A THPO archaeologist digging a shovel test. (Courtesy THPO)

Editor’s note: Mark Savany, THPO field archeologist, submitted this report for the Seminole Tribune.

The Seminole Tribe of Florida Tribal Historic Preservation Office (STOF-THPO) was awarded a $347,000 grant from the Natural Resource Conservation Service (NRCS) in September 2020. The grant funds have been used to determine areas where people have lived for the past 5,000 years prior to agricultural development projects.

The THPO has undertaken these investigations by digging shovel tests (round holes that are approximately 1.5 feet in diameter and are roughly 3 feet deep) throughout the Brighton Reservation and St. Thomas Ranch. To date, the THPO has completed over 5,200 shovel tests in order to assess those areas where people once lived. This assessment helps to understand how people used the land, what they ate, and where they settled.

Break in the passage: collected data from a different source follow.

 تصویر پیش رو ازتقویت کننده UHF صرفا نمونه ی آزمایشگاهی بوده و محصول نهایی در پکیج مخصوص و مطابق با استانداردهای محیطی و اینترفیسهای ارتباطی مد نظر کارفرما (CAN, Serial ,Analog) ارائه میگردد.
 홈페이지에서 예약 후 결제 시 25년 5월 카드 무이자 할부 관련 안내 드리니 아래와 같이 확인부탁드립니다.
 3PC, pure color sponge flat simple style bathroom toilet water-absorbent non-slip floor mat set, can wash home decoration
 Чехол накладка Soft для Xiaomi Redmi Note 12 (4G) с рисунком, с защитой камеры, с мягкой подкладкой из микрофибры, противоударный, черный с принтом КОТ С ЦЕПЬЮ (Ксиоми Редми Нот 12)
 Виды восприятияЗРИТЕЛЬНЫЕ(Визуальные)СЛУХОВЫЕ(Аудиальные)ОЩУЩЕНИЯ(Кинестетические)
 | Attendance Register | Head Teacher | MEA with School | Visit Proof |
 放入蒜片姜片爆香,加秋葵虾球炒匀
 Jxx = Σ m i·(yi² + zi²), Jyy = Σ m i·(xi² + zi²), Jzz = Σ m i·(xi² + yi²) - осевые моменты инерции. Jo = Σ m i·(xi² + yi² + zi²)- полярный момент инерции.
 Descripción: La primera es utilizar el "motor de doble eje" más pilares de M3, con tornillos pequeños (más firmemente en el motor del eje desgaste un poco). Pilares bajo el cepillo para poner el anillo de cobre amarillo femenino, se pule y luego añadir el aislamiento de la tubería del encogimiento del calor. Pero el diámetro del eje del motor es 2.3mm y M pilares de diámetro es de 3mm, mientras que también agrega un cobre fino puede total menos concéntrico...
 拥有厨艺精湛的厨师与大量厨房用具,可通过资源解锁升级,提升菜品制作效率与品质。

A projectile point THPO found in a shovel test. (Courtesy THPO)

This grant also offers the THPO a chance to determine the exact location of settlements and whether these areas are significant and should be listed on the National Register of Historic Places or Tribal Register of Historic Places. Based on the work that the THPO will do through this grant award, any impacts to these sites will be avoided or minimized during any ground disturbance for the agricultural projects.

Information about who lived at sites and what they did at them is derived from artifacts that are collected from the shovel test excavations. Artifacts include any item made or used by a human that can be carried. Following fieldwork, lab work is conducted at the THPO’s archaeological laboratory on the Big Cypress Reservation to examine these artifacts.

Approximately 15,600 artifacts have been found for this project, including burned animal bones (commonly snakes, fish and turtles), which highlight what people used to eat, as well as pottery sherds, lithics (stone tools), historic objects such as glass bottles, and other items people have used throughout the thousands of years that reservation lands have been occupied.

Some of the more interesting and out of the norm artifacts found during these projects have been bones from beavers, squirrel long bones, water moccasins, and a projectile point (pointed stone tool i.e., arrowhead) that dates 3,000 to 6,000 years ago.

At the end of the grant what the THPO hopes to achieve is a better understanding of how people lived in the past and to identify the level of significance of sites and areas that should be avoided from being disturbed.